Conviction for stalking four victims, based on conduct spanning January 2012 to February 2014, violated actual-evidence double jeopardy principles when defendant had been convicted a month earlier for invasion of privacy committed against three of the same victims for conduct spanning three days in January 2014. The State presented substantial evidence of the three-day course of conduct in the subsequent trial; and both cases alleged a violation of the same previously issued no-contact order.
Hill v. State, No. 20A03-1507-CR-907, ___ N.E.3d ___ (Ind. Ct. App., Feb. 25, 2016).
Trial court was within its discretion to exclude alleged domestic-battery victim who had recanted her accusation as a defense witness. Error was invited by defendant’s insistence on calling witness, despite State’s and court’s repeated cautions.
Tyson v. State, No. 45S03-1509-CR-528, ___ N.E.3d ___ (Ind., Feb. 25, 2016).

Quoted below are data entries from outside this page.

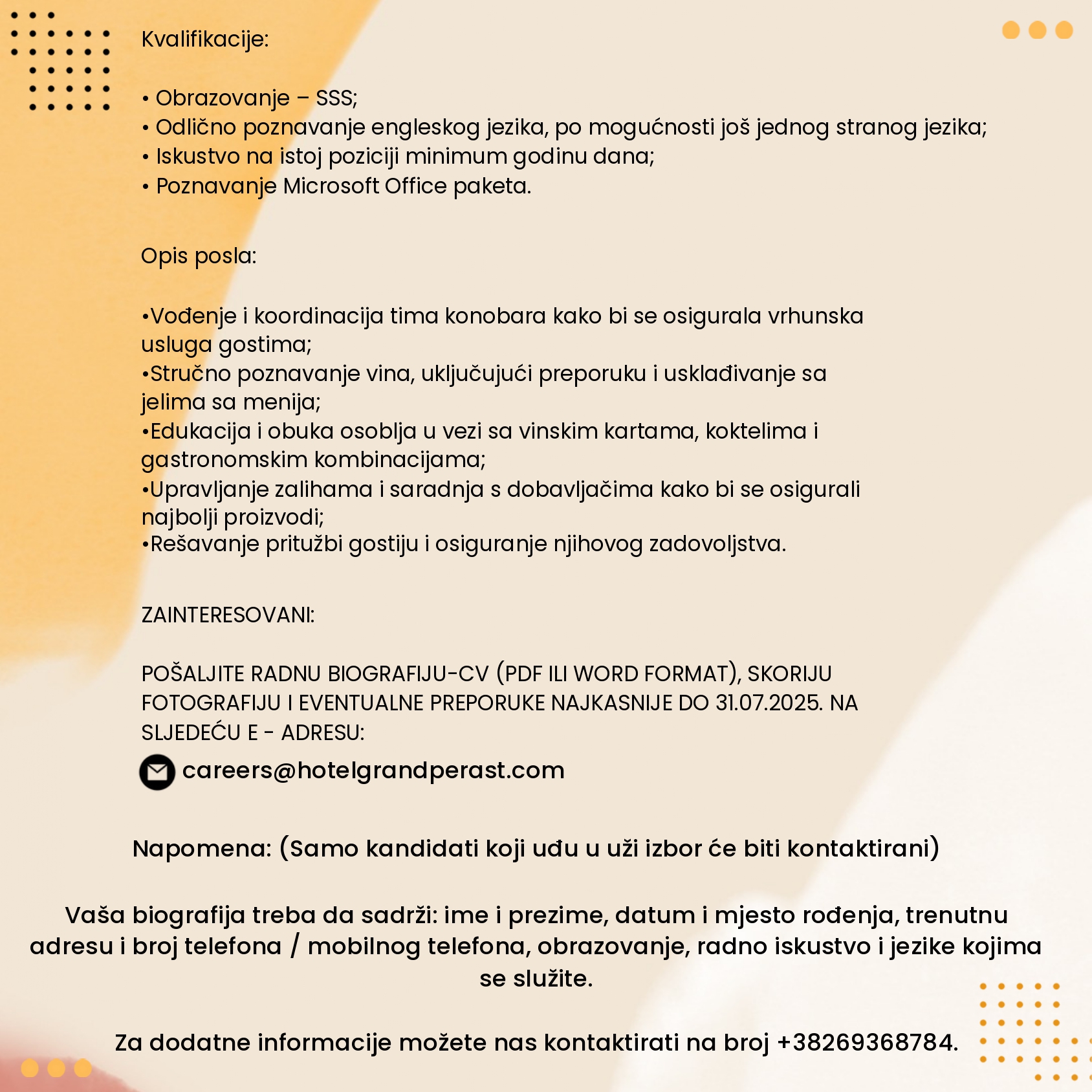Pošaljite radnu biografiju-CV (PDF ili Word format), skoriju fotografiju i eventualne preporuke do 31.07.2025. na sljedeću e - adresu: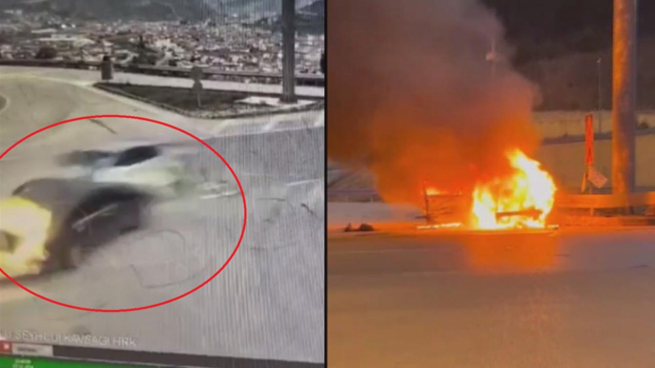 İki otomobil çarpıştı, biri yandı! Feci kaza böyle görüntülendi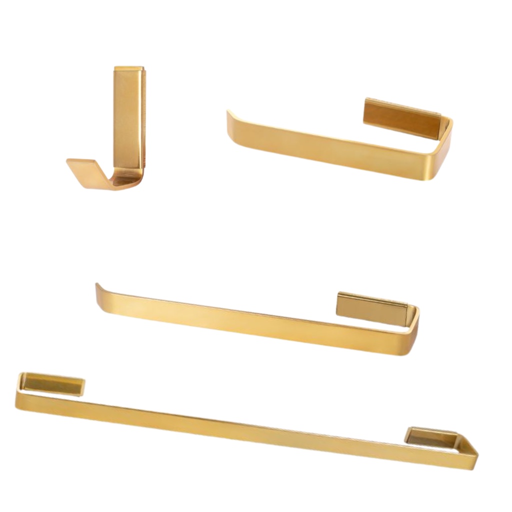 Kit Jogo De Conjunto Acessorios Para Banheiro Quadrado 4 Peças Aço Inox 304 Luxo Dourado Gold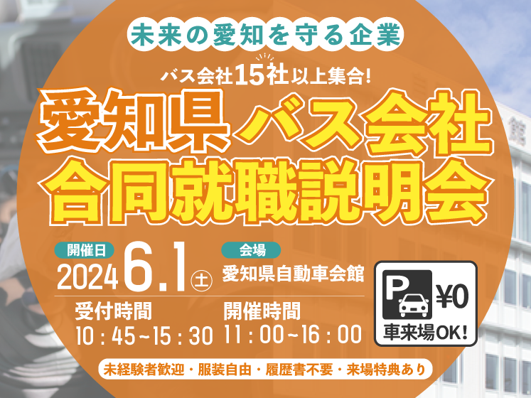 中部地方のバス会社が多数参画!バス運転手専門の就職イベント『愛知県バス会社合同就職説明会』を6/1(…

Statute requiring “a person who is required to register as a sex or violent offender in any jurisdiction” to likewise register in Indiana did not violate Indiana ex post facto clause as applied to Texas offender who moved to Indiana after 2006 enactment of that statute. Texas law already required offender to register; maintaining that status in Indiana was not punitive under the intent-effects test.
State v. Zerbe, No. 49S05-1509-MI-529, ___ N.E.3d ___ (Ind., Feb. 25, 2016).
Michigan sex offender was not distinguishable from offender in Tyson v. State, even though Michigan enacted its registration requirement two years after defendant’s offense. Relevant question was not whether Michigan registration requirement was ex post facto law, but only that the requirement existed at the time offender moved to Indiana.